*TASK REQUIREMENTS*: Return exactly the span of lines in the following data that opens with the line containing "O Distribuidor Automático" and closes with the line containing "- Вместительный короб.". Include nothing else.

*EXERCISE INPUT*:
- - -

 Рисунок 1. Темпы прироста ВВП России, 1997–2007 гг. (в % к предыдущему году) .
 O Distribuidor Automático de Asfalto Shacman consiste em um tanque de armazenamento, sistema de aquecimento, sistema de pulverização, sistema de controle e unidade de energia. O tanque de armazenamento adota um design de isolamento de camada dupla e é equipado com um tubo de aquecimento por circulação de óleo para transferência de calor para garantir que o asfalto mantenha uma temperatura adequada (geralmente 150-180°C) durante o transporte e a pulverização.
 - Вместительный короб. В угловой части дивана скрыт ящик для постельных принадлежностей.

- - -

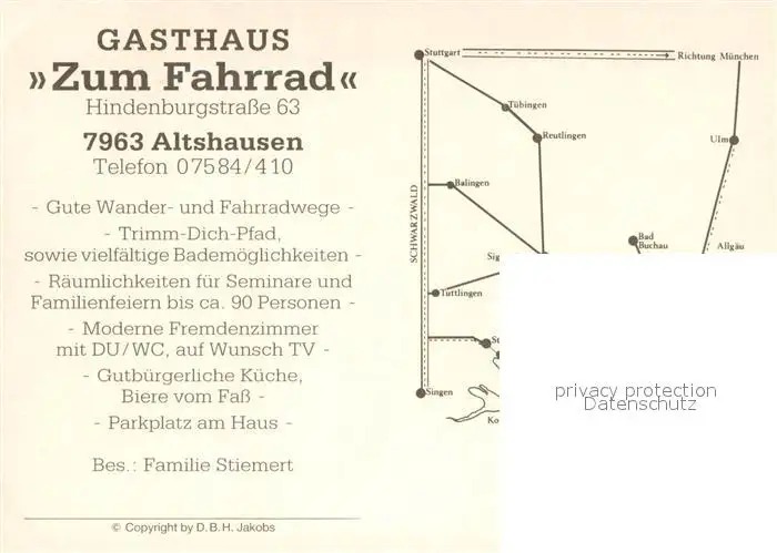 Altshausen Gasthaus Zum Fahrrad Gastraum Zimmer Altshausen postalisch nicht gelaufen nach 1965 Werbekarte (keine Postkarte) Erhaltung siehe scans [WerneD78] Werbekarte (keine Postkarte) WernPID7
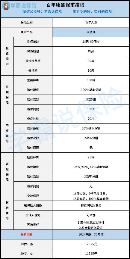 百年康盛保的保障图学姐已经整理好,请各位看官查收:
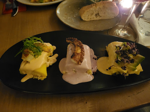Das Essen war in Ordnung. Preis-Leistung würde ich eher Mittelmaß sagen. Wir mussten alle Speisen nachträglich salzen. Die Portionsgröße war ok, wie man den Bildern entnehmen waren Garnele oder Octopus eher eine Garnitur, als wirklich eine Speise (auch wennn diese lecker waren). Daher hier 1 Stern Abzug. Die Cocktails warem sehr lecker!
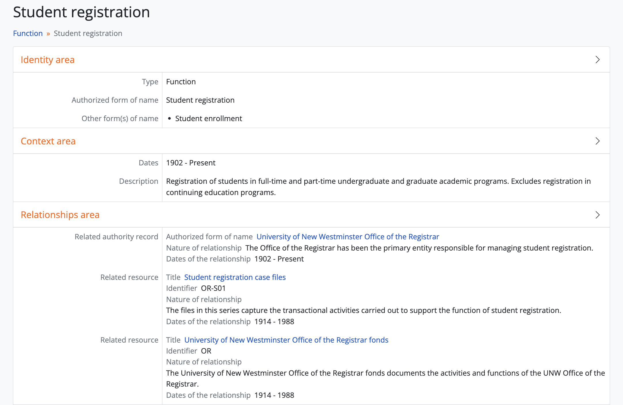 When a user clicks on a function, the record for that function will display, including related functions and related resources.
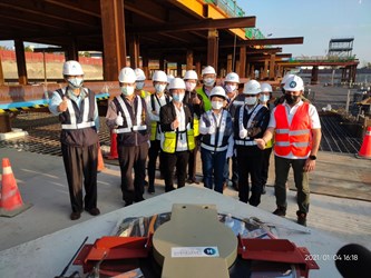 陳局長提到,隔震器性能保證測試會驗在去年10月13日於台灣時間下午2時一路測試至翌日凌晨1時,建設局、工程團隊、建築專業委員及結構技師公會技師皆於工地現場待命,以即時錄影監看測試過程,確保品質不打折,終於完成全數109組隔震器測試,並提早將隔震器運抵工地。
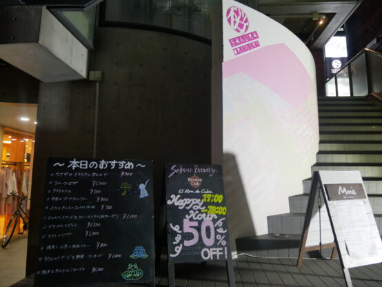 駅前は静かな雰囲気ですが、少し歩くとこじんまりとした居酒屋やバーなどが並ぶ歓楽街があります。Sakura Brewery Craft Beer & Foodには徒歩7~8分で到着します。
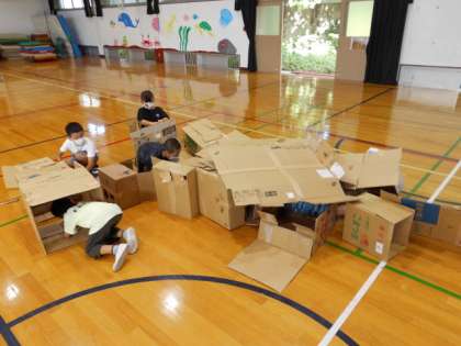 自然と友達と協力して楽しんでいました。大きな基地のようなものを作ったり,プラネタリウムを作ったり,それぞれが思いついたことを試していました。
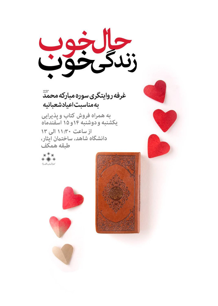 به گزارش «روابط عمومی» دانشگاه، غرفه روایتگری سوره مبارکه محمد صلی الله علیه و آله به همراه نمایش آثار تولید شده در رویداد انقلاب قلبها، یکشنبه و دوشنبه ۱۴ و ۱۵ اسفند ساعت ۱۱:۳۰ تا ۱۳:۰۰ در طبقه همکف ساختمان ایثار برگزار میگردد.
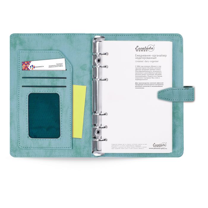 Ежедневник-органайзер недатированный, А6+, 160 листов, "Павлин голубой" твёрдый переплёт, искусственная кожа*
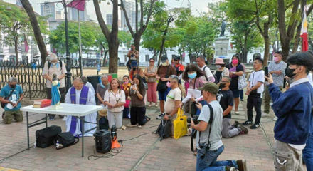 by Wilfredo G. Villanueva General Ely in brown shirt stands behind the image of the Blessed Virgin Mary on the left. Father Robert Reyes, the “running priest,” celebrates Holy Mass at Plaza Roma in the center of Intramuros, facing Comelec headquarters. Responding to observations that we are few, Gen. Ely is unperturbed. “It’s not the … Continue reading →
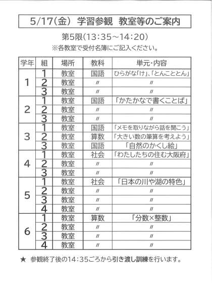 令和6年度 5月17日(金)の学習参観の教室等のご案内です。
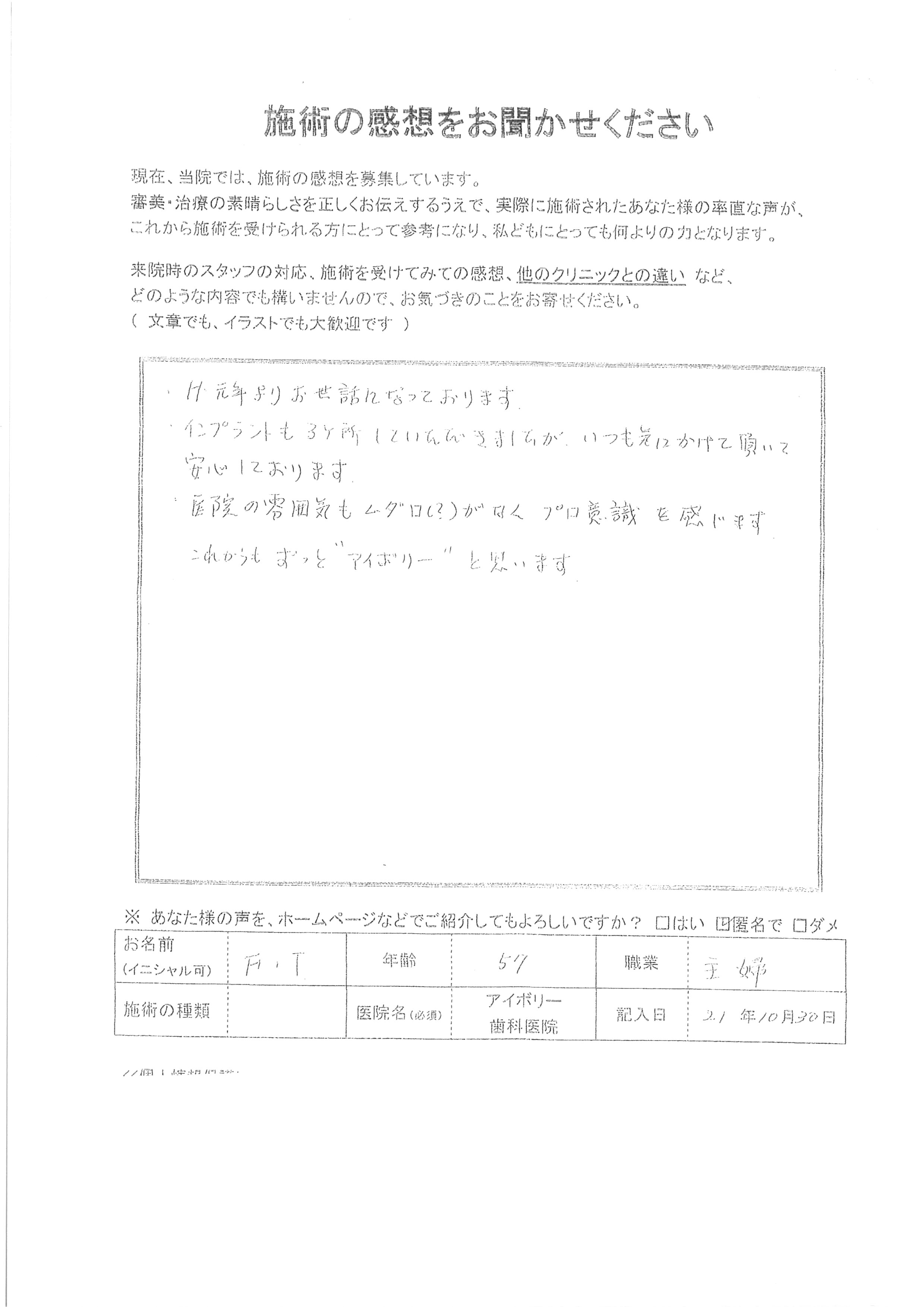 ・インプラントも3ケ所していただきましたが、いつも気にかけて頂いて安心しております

- - -

*RESPONSE TO THE TASK*:
 O Distribuidor Automático de Asfalto Shacman consiste em um tanque de armazenamento, sistema de aquecimento, sistema de pulverização, sistema de controle e unidade de energia. O tanque de armazenamento adota um design de isolamento de camada dupla e é equipado com um tubo de aquecimento por circulação de óleo para transferência de calor para garantir que o asfalto mantenha uma temperatura adequada (geralmente 150-180°C) durante o transporte e a pulverização.
 - Вместительный короб. В угловой части дивана скрыт ящик для постельных принадлежностей.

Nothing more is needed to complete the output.